Published in final edited form as: Audiol Neurootol. 2019 Jan 24;23(6):326–334. doi: 10.1159/000495176

Histopathology of the inner ear in Charcot-Marie-Tooth Syndrome caused by a missense variant (p.Thr65Ala) in the MPZ gene

Joseph B Nadol Jr 1, E Tessa Hedley-Whyte 2, Sami Samir Amr 3, Jennifer T O’Malley 1, Takefumi Kamakura 1
PMCID: PMC6421093  NIHMSID: NIHMS1006004  PMID: 30677751

Abstract

Charcot-Marie-Tooth syndrome (CMT) is a clinically and genetically heterogeneous group of neuropathies affecting both peripheral motor and sensory nerves. Progressive sensorineural hearing loss, vestibular abnormalities, and dysfunction of other cranial nerves have been described. This is the second case report of otopathology in a patient with CMT syndrome. Molecular genetic testing of DNA obtained at autopsy revealed a missense variant in the MPZ gene (p.Thr65Ala), pathogenic for an autosomal dominant form of CMT1B. The temporal bones were also prepared for light microscopy by H & E and Gomori trichome stains, and immunostaining for anti-myelin protein zero. Pathology was consistent with a myelinopathy of the auditory, vestibular and facial nerves bilaterally. The pathophysiology of cranial nerve dysfunction in CMT is unknown. Findings in the current case suggested, at least in cranial nerves 7 and 8, that a myelinopathy may be causative.

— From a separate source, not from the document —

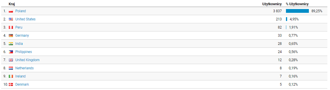 Zdecydowana większość Czytelników to osoby z Polski co mnie akurat nie dziwi. Zastanawiam się jednak skąd się wzięły w tym zestawieniu osoby z takich krajów jak Peru czy Indie? Czyżby moje wpisy cieszyły się zainteresowaniem również w tych krajach ;)?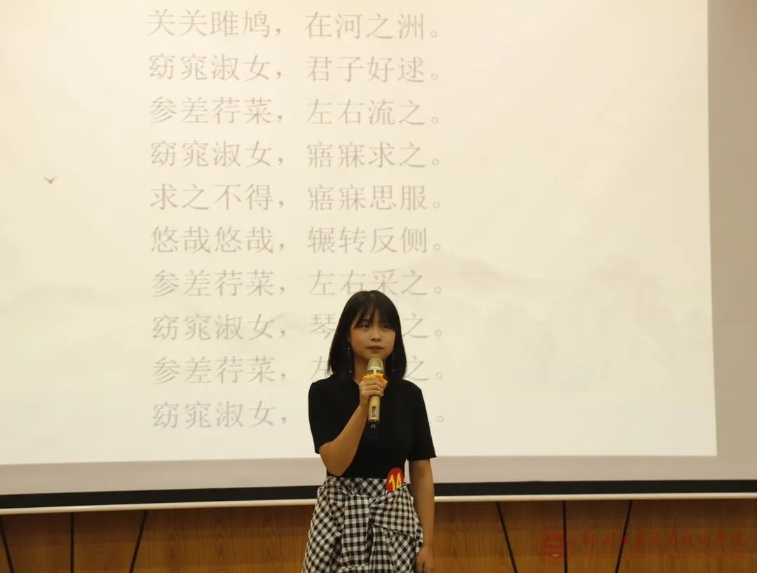 比赛现场气氛热烈,同学们热情高涨。参赛选手们以其铿锵有力的气势,充沛饱满的感情,自信大方的形象赢得老师和同学们的阵阵掌声。选手们的诗歌主题也是包罗万象,有以《关雎》为代表的朦胧感情,有以《将进酒》为代表的悲壮豪情,现场观众就这样随着选手们领悟着这千百种感情。

Keywords: Charcot-Marie-Tooth Syndrome, myelinopathy, sensorineural hearing loss, cranial nerves, histopathology, myelin protein zero (MPZ) gene

INTRODUCTION

Charcot-Marie-Tooth syndrome (CMT) is a clinically and genetically heterogeneous group of neuropathies affecting both peripheral motor and sensory nerves, and is also known as Hereditary Motor and Sensory Neuropathy (HMSN) or peroneal muscular atrophy. These disorders are caused by genetically induced abnormalities of the myelin sheath or axon of the peripheral nerves. Thus, Charcot-Marie-Tooth type 1 (CMT1) is a group of disorders of the myelin sheath of peripheral nerves, the most common of which (CMT1A) is inherited as an autosomal dominant disorder of peripheral myelin protein 22 (PMP22), whereas CMT 1B is inherited as an autosomal dominant disorder of myelin protein 0 (MPZ), of which there are greater than 120 different mutations. In contrast, CMT 2 represents a group of disorders causing peripheral neuropathy in which the neuron itself is affected and of which there are several subtypes due to various mutations. CMT 3, also known as Dejerine-Sottas syndrome, is a demyelinating progressive neuropathy caused most commonly by a mutation in either the MPZ or PMP22 gene.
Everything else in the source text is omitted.